But unlike the 100s of data brokers that also want your data, they have an existing operational funnel of your data already that you voluntary give them every day. All they need is dark pattern ToS changes and manage the minor PR issue. People will forget about this in a week.
If they had done this in a more measured way they might have been able to separate human from AI content such as doing legal deals with publishers.
However they couldn't wait to just take it all to be first and now the well is poisoned for everyone.
I've seen zero evidence anything of the such is occurring, and that if it was, it's due to what you claim. I'd be highly interested in research suggesting both or either is occurring however.
To AI companies, data is even more of a gold mine than to adtech companies. It is existentially important.

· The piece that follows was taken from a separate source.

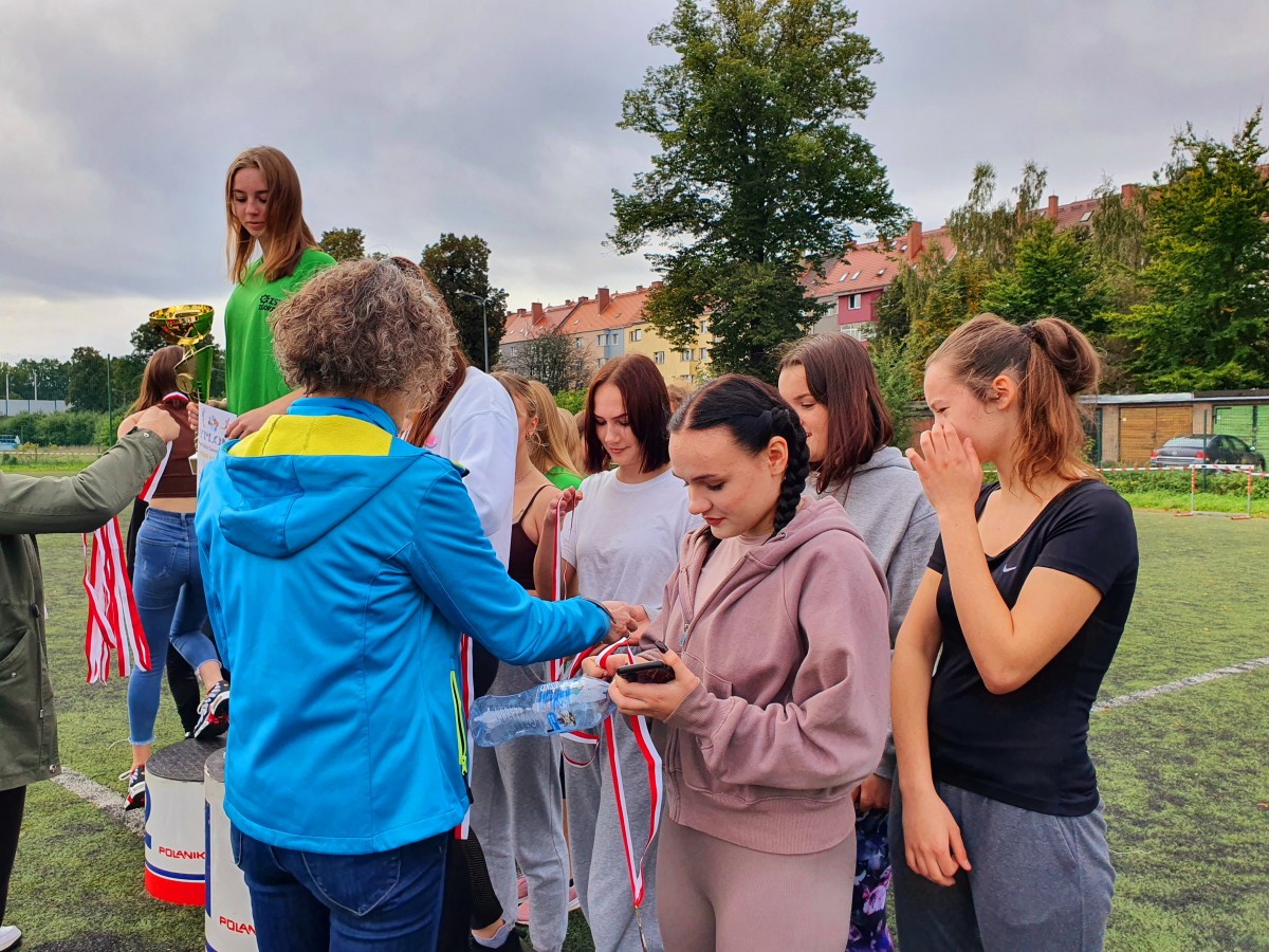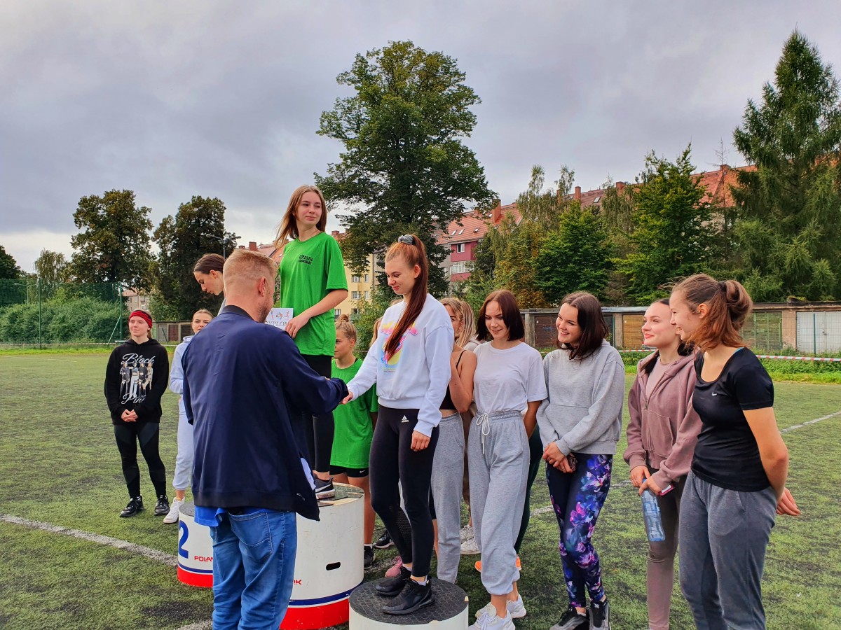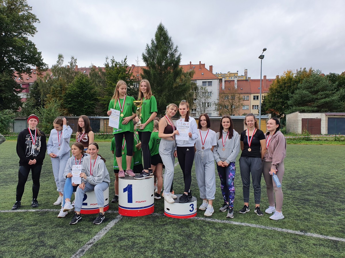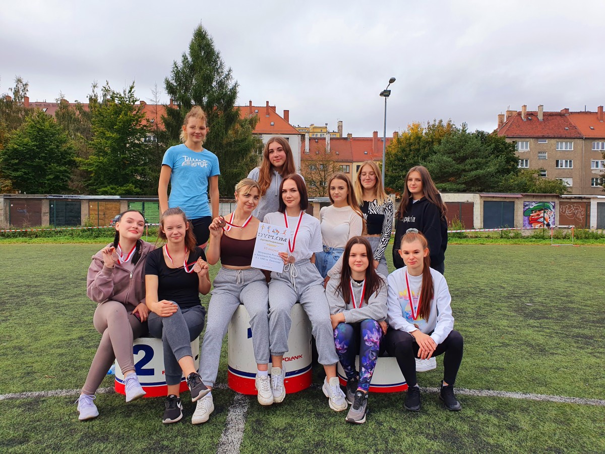 W sztafecie żeńskiej pobiegły: ROZENFELD URSZULA kl.III BF, POKRZYK KATARZYNA kl.II SE, SZCZEPAŃSKA WIKTORIA kl.II SE, TUCHOLSKA NATALIA kl.IV THL, MACHNICKA WERONIKA kl.II H, ŁAJDECKA IZA kl.II H. Dziewczęta były gorąco wspomagane dopingiem przez swoje rezerwowe koleżanki, a były nimi: ŻELEŻNICKA PAULA kl.I LE, GERWATOWSKA WIKTORIA kl.I LE, SZATKOWSKA PAULA kl.I LE, PAWŁOWICZ ZOFIA kl.II R, WIECZOREK MARIA kl.I BS, SZAŁAS NATALIA kl.III bbk. Opiekunką sztafety dziewcząt była mgr Jolanta Wdowska.

The truly evil behavior will emerge at the intersection of these two industries. I'm sure Google and Facebook are already using data from one to power the other, even if it's currently behind closed doors. I can hardly wait for the use cases these geniuses will think of once this is publicly acceptable and in widespread use by all companies.
The claim was made that the models are "suffering", at this exact moment, because they have been recursively feeding themselves, RIGHT now.
I want evidence the current models are "suffering" right now, and I want further evidence that suggests this suffering is due to recursive data ingestion.
Some year old article with no relevance to today talking about hypotheticals of indiscriminate gorging of recursive data is not evidence of either of the things I asked for.
> what's the latest year of data you're trained on
> ChatGPT said: My training goes up to April 2023.
There's a reason they're not willing to update the training corpus even with GPT-5.
> Some year old article with no relevance to today
The current models are based on training even older so I guess you should disregard those too if you're choosing to judge things purely based on their age.